Elena:
Od strzelaniny minąło półtora miesiąca, Fabio nadal był w śpiączce. Byłam u niego codziennie modląc się bym mogła jeszcze spojrzeć w jego cudowne zielone oczy, bym mogła zobczyć uśmiech, Dowodzenie przejął Marcello ku niezadowoleniu Olivi ale na tą chwilę zrozumiała że nie mógł inaczej. Jak każdego ranka siedziałam przy łóżku Fabio i wpatrywałam się w niego.
-Nadzieja umiera ostatnia - powtarzałam na głos ze łzami w oczach, chyba sama próbowałam siebie do tego przekonać bo ona przygasała, a ja czułam sie cholernie winna że ją tracę.
-Wybacz mi Fabio, ale ja już nie daję rady, tak bardzo za toba tęsknie. Ja i Leo czekamy na ciebie, błagam wróć w końcu do nas. Wszyscy czekamy aż w końcu wrócisz i zaczniesz się znowu rządzić- zaśmiałam się przez łzy. - Marcello daje sobie ze wszystkim radę, Dario jest coraz bliżej ojca Raisy, ostatnio udało mi się z nim porozmawiać, nigdy bym nie pomyślała że aż tak zafiksuje się na zemście, ale taka jest miłość. - codziennie opowiadałam mu co się dzieje w domu miałam nadzieję że mnie słyszy.
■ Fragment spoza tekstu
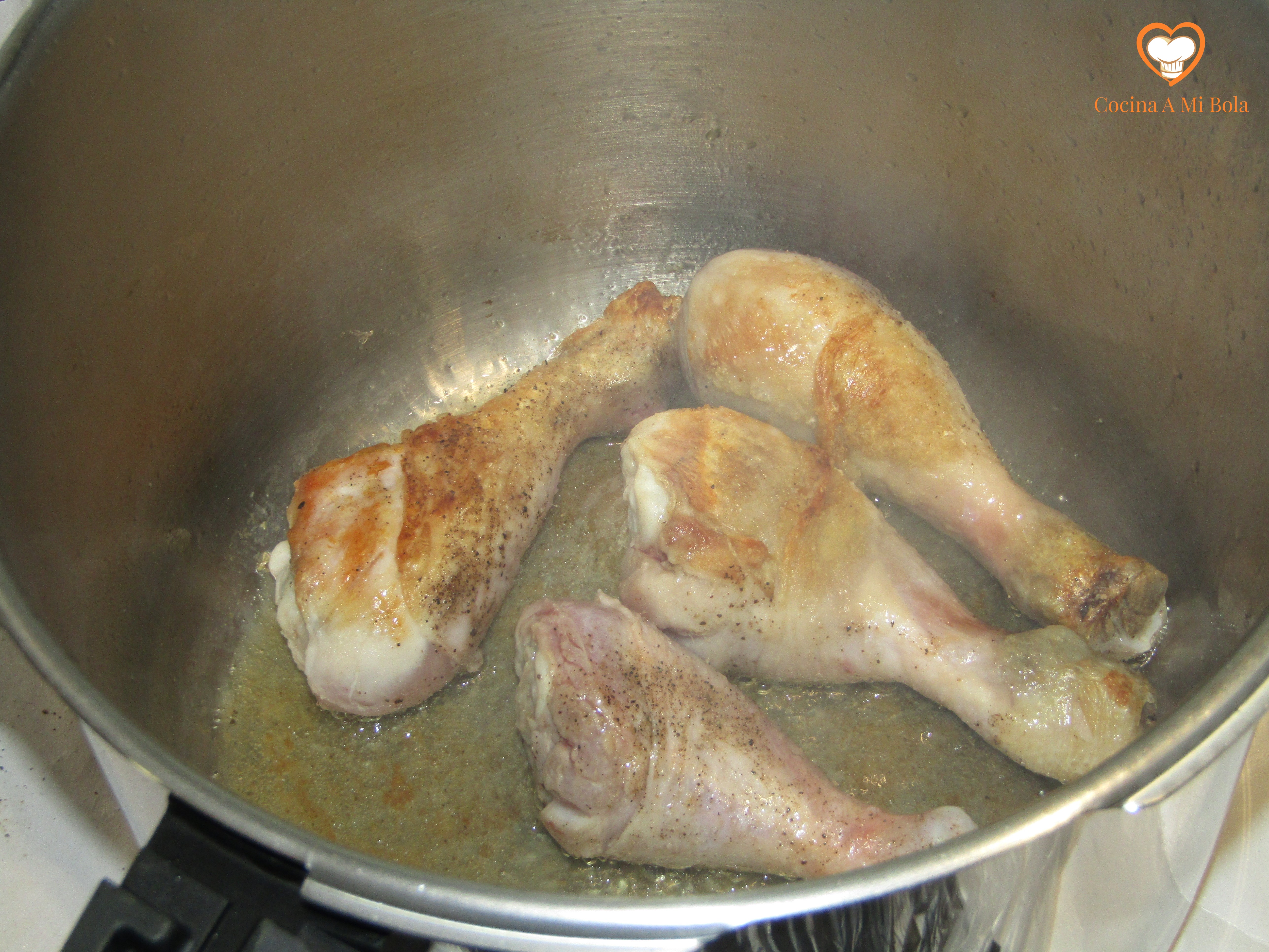 SEGUNDO.- Cubriremos el fondo de la olla express con aceite de oliva virgen extra; dejaremos que se caliente e iremos dorando los muslos en varias tandas para no perder temperatura. Pretendemos que se doren e incluso se tueste la piel, así que no tengas prisa y dales la vuelta para que se hagan por todas partes. Es probable que tengas que añadir algo de aceite, pero no te excedas. Mira la foto. Los vamos sacando y reservando.
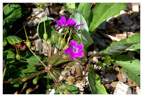 A delicate herbaceous plant native to the coastal regions of North Africa and the Iberian Peninsula, characterized by its deeply lobed leaves and distinctive long, beak-like seed pods.

Usłyszałam pukanie do drzwi po czym do środka wszedł mężczyzna o ton ciemniejszych oczach niż Fabio. Gapiłam się na niego jak ciele w malowane wrota on też mi się przyglądał po czym błysnął białymi zębami w pięknym uśmiechu.
-Cześć, ty jesteś Elena, zapewne-
-Cześć - odpowiedziałam niepewnie - Jak tu weszłeś i kim jesteś? - włączył mi się alarm w głowie, napierdalał tak że włączyłam instynkt zabójcy.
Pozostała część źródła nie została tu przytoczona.